Von den gelieferten Rohstoffen wie Baumwolle, Kaffee oder Tabak wurden Proben genommen und mit den Proben des Kaufmanns verglichen, die dieser aus den Herkunftsländern mitgebracht hatte. War zum Beispiel die gelieferte Baumwolle nass, fleckig oder mit viel Laub vermischt, dann wurde sofort "Meldung gemacht" auf dem Kontor. Der Kaufmann reklamierte die Ware in Übersee, kam keine Einigung zustande, wurde die Börse als neutrales Schiedsgericht eingeschaltet.

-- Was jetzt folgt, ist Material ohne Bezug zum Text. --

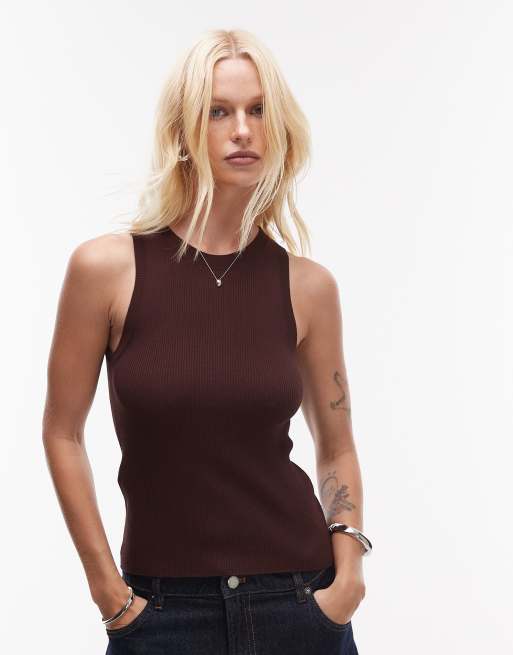 Mango - Hemdje met hoge ronde hals in chocoladebruin
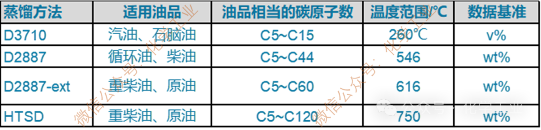 其他类型的蒸馏方法有:恩氏蒸馏(ASTM D86)、ASTM D1160蒸馏、ASTM D2887蒸馏、ASTM D3710蒸馏和HTSD蒸馏。
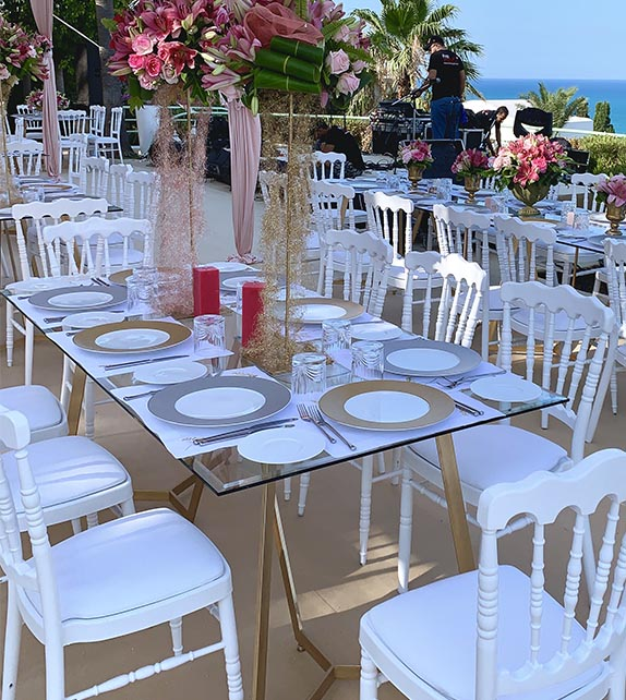 Organisez vos événements sans stress. Réservez en ligne tout le mobilier et la décoration dont vous avez besoin, en quelques clics
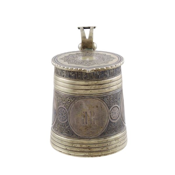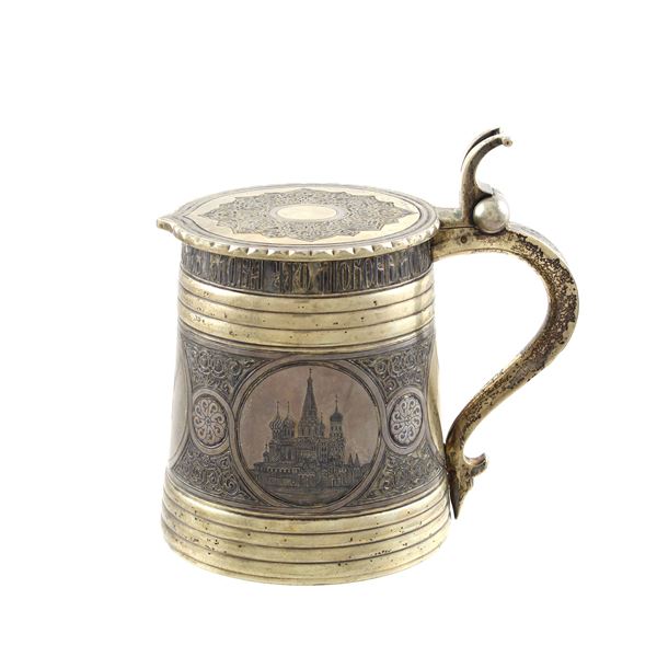 h. 13cm.assayer Viktor Savinkov, plain body engraved with views of Moscow and monogram within circular reserves, weight 518 gr.
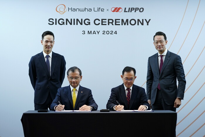 이날 계약식에는 한화생명 여승주 대표이사 부회장, 김동원 최고글로벌책임자(CGO) 사장과 리포그룹 존 리아디(John Riady) 대표, 아드리안 수헤르만(Adrian Sherman) MPC대표 등 양사관계자가 참석했다.

Schiffe am Schornstein erkennen

Groß geworden ist Hans Joachim Bräuer im Hafenrandgebiet im Stadtteil Walle. "Für uns Kinder war der Hafen der beste Spielplatz", erinnert er sich. Zwischen den alten Piers, der Getreideverkehrsanlage, gebaut in Zeiten als Bremen noch der größte europäische Umschlagplatz für Getreide war, und dem U-Boot-Bunker aus weniger rühmlichen Tagen, ließ es sich herrlich Verstecken spielen. Auch das Schiffe-Raten war eine beliebte Beschäftigung bei den Jungen. So sei das rote Hansa-Kreuz immer sicheres Kennzeichen für die Schiffe der Deutschen Dampfschifffahrtsgesellschaft Hansa gewesen. Ob man richtig geraten hatte, wurde erst klar, wenn die Schiffe nah genug waren, um den Namen lesen zu können. "Die Hansa-Schiffe hatten die Endung -fels im Namen wie Uhenfels und die Lloyd-Schiffe die Endung -stein wie Birkenstein."

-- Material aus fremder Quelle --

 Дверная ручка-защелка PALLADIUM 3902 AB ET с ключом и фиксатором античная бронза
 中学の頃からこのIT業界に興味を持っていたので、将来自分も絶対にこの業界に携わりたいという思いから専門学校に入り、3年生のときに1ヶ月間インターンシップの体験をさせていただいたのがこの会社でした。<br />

Weil sich seine Schul- und Fußballfreunde nach dem Ende der Schulzeit selbstverständlich im Hafen eine Arbeit suchten, war auch für Bräuer klar, dass er dort arbeiten wollte. Den Beruf des Küpers, in den fünfziger Jahren als Lehrberuf eingeführt, gibt es nicht mehr. Heute nennt sich eine vergleichbare Tätigkeit "Seegüterkontrolleur".

Von der kleinen Sackkarre zum tonnenschweren Kran

Ein Wahrzeichen Bremens: Die Roland-Statue am Marktplatz

Ein Wahrzeichen Bremens: Die Roland-Statue am Marktplatz

Aber nicht nur der Name sei moderner geworden, überhaupt habe sich das Leben im Hafen grundlegend verändert, sagt der Bremer. Menschen und Schiffe seien dort Mangelware geworden. Wegen der hohen Liegegebühren hielten sich Schiffe nur noch stundenweise in den Hafenbecken auf.

"Früher war Sackgut das Tagesgeschäft." Man brauchte viele Arbeiter, die die Waren mit ihren Sackkarren auf die Schiffe oder von den Schiffen brachten. In den 70er Jahren übernahmen Gabelstapler zunehmend diese Arbeit und dann kamen die Container auf. "Heute wird sogar der Kaffee in Schüttcontainern geliefert", weiß Bräuer. Tonnenschwere Kräne und Gabelstapler hätten die Handarbeit ersetzt.

Radeln am Deich

Obwohl Hans Joachim Bräuer schon sein Leben lang mit Schiffen zu tun hat, ist er eine "Landratte" geblieben. Erst im vergangenen Jahr hat er zum ersten Mal in seinem Leben eine längere Schiffsreise nach Norwegen unternommen. Seine Heimatstadt Bremen liebt er über alles. "Das ist keine hektische Stadt. Hier ist alles überschaubar." Außerdem könne er hier am Besten seinem Lieblingshobby nachgehen, erzählt Bräuer. Und das sei das Fahrradfahren. "Wenn ich mich erholen muss, steige ich schnell aufs Fahrrad und bin sofort am Deich. Und dann kann ich stundenlang radeln."